01:52:54.000 But yeah, it was a process.
01:52:56.000 I ain't gonna lie to y'all.
01:52:56.000 But if you do the process, you can get them pretty quickly.
01:53:00.000 Lionel Orbion, what if you have 0% body fat?
01:53:03.000 Would you go about gaining weight?
01:53:06.000 Impossible if you have 0% body fat, bro.
01:53:08.000 You'd be dead, right?
01:53:09.000 Yeah, you'd pretty much be dead.
01:53:10.000 When is the optimal time of day to exercise?
01:53:12.000 Optimal day is when you feel the best and you can go to the gym and be consistent.
01:53:17.000 How important is sleep and how much is required, especially for a person that is on call for work very often?
01:53:22.000 Bro, sleep is probably the most underrated thing.
01:53:24.000 You guys want to talk about TRT and getting on steroids?
01:53:26.000 Sleep is steroids.
01:53:27.000 Eight to ten hours a night, ninjas.
01:53:29.000 Okay?
01:53:30.000 8 to 10 hours a night, especially if you're training in the gym pretty hard, you're going to need that rest.
01:53:34.000 What is the best product to heal soreness quickly to work out again?

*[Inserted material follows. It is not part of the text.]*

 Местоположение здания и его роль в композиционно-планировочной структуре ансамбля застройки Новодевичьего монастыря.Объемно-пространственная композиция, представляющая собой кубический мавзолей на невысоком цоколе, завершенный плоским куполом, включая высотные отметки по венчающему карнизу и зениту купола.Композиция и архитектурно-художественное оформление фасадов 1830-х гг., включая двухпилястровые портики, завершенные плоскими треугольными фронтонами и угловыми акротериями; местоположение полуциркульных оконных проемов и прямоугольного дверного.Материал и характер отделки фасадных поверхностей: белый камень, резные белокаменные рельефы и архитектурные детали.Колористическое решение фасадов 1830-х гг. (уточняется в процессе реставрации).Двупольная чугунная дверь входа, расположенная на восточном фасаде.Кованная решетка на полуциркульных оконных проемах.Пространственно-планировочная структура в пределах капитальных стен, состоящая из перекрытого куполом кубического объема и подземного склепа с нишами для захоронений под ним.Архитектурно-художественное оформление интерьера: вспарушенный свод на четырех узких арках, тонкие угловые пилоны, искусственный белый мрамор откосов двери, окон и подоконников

01:53:37.000 That just comes down to your training capacity and eating well and resting adequately.
01:53:43.000 But it's very difficult to avoid DOMS. Does training legs actually increase testosterone?
01:53:49.000 Training your whole body does, my friend.

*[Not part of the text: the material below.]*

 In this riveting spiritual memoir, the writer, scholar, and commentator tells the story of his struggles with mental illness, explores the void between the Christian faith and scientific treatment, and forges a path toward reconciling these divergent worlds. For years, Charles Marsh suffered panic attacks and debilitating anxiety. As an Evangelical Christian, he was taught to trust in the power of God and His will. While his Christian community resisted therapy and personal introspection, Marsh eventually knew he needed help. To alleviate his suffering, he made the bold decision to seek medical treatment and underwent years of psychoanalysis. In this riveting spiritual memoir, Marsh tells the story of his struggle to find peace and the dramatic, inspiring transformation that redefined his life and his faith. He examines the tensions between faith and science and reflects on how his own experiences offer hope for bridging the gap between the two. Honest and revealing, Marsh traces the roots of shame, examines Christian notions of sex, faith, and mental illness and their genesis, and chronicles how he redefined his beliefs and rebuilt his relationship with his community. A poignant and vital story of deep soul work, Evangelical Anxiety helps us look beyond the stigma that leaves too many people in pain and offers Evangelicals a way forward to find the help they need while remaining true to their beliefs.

01:53:52.000 Various layers.
01:53:53.000 Have a great day, gentlemen.
01:53:54.000 Happy New Year, and keep up the great work.
01:53:56.000 Let's go.
01:53:57.000 Shout out to you, layers.
01:53:57.000 Shout out to various layers.
01:53:58.000 We caught up?
01:54:00.000 Alright, and we got Mike Nutz.
01:54:02.000 You gotta be like water and run through these hoes.
01:54:04.000 Fair enough, man.
01:54:06.000 Y'all are hilarious.
01:54:08.000 What else here?
01:54:09.000 That's it.
01:54:09.000 We got it.
01:54:10.000 FNF. Oh, yeah.
01:54:11.000 So, yeah, guys.
01:54:12.000 FNFreached at gmail.com if you guys want to reach out to us, business inquiries or whatever it may be.
01:54:17.000 Let's see here.
01:54:19.000 Yeah.
01:54:20.000 And I hope you guys enjoyed that IRL stream.
01:54:21.000 Y'all are loving it.
01:54:22.000 It's racking up views.
01:54:23.000 You know, we're trying to really innovate here and try some different shit.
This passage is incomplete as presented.